SOURCE DATA:
[Start of Attachment]
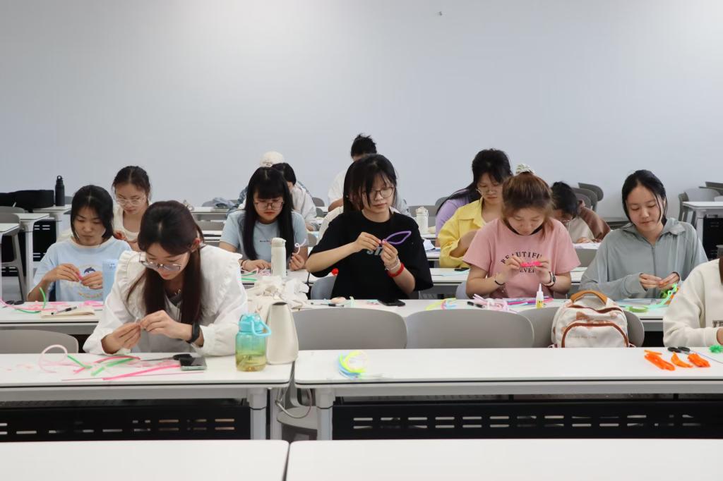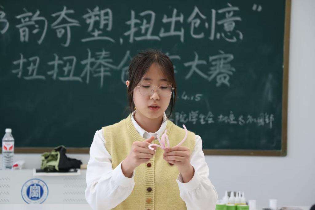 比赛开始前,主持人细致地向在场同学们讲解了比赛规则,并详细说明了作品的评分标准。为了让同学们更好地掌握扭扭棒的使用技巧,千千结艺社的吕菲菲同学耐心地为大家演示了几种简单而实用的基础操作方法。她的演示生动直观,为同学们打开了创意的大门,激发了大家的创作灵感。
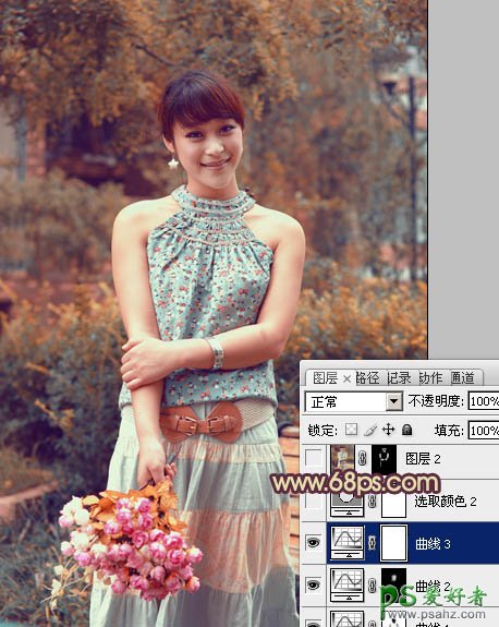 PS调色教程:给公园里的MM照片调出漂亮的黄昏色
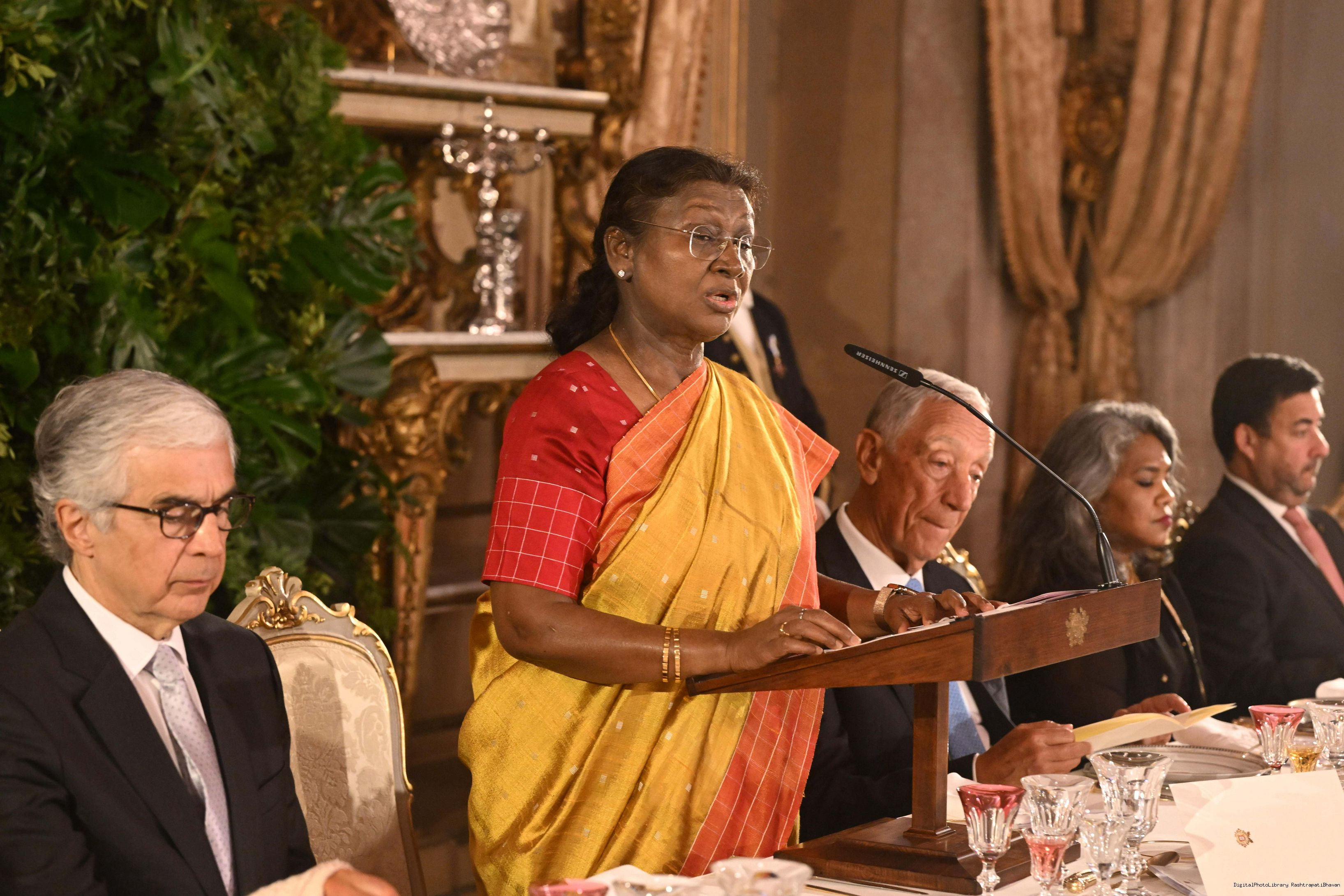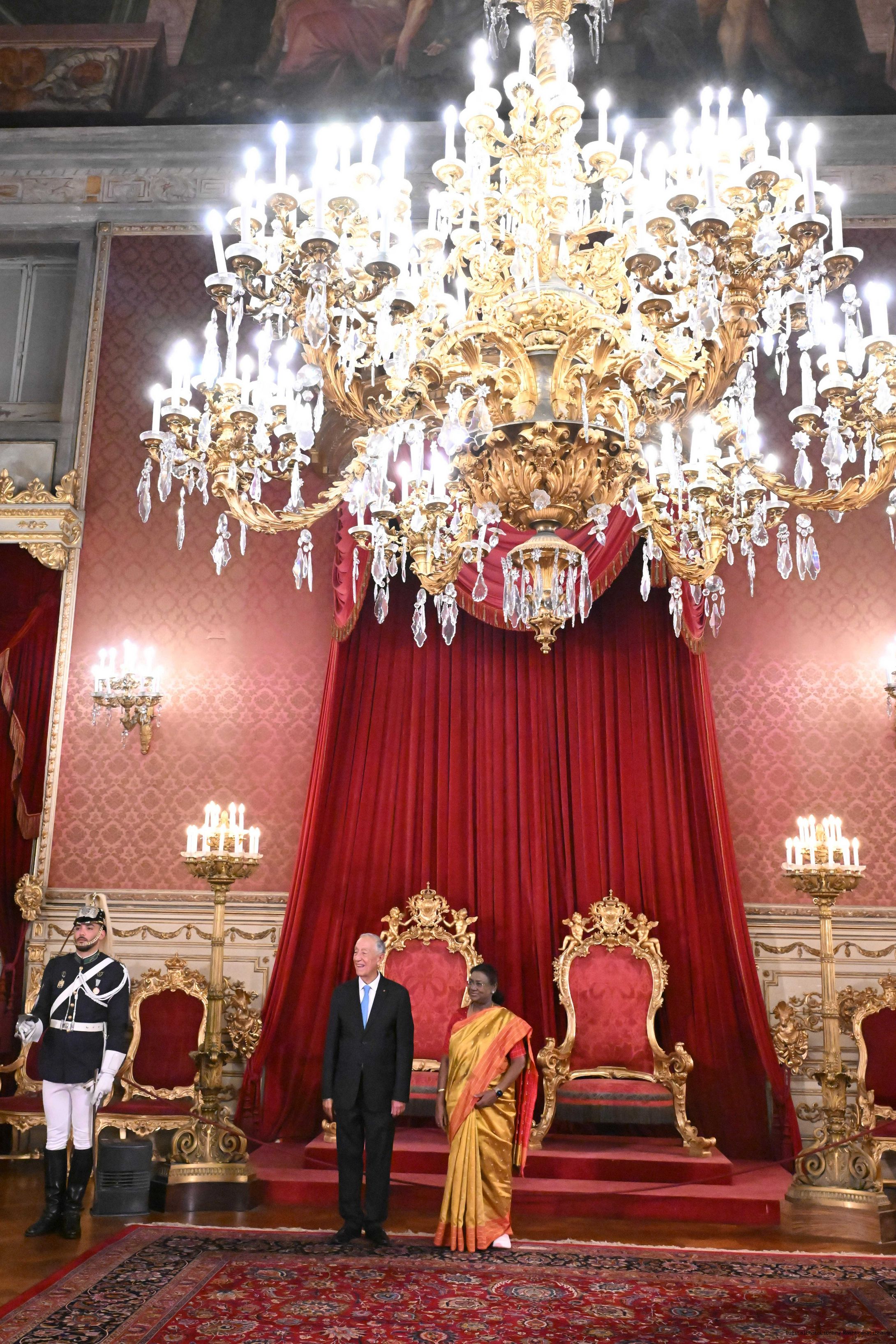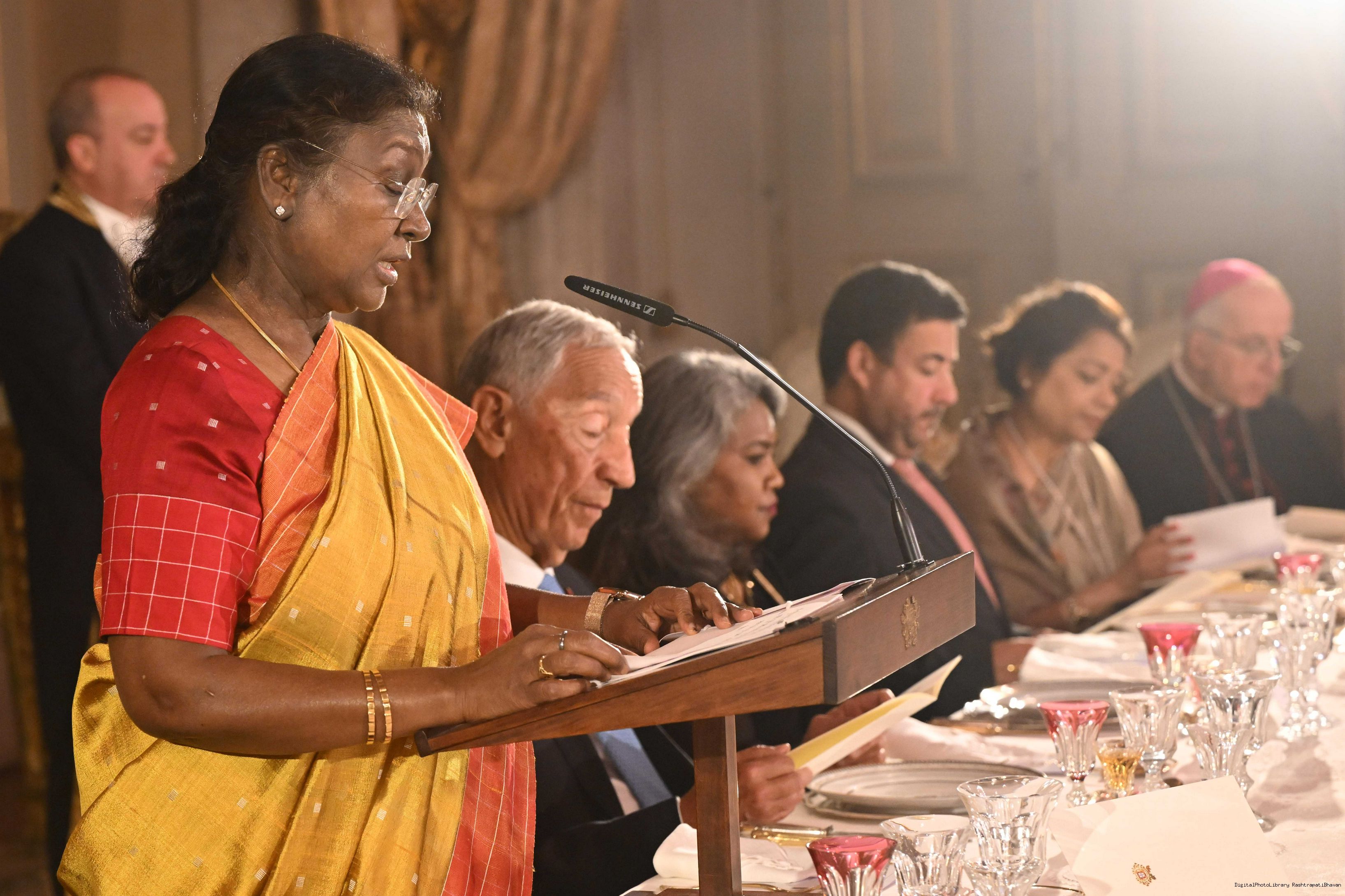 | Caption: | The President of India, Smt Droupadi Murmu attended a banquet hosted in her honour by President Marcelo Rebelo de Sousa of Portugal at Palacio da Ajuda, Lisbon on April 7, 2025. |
[End of Attachment]
WORK ITEM: Each line of the data should be printed again exactly. Please leave pictures out.

SOLUTION TO THIS EXERCISE:
 比赛开始前,主持人细致地向在场同学们讲解了比赛规则,并详细说明了作品的评分标准。为了让同学们更好地掌握扭扭棒的使用技巧,千千结艺社的吕菲菲同学耐心地为大家演示了几种简单而实用的基础操作方法。她的演示生动直观,为同学们打开了创意的大门,激发了大家的创作灵感。
 PS调色教程:给公园里的MM照片调出漂亮的黄昏色
 | Caption: | The President of India, Smt Droupadi Murmu attended a banquet hosted in her honour by President Marcelo Rebelo de Sousa of Portugal at Palacio da Ajuda, Lisbon on April 7, 2025. |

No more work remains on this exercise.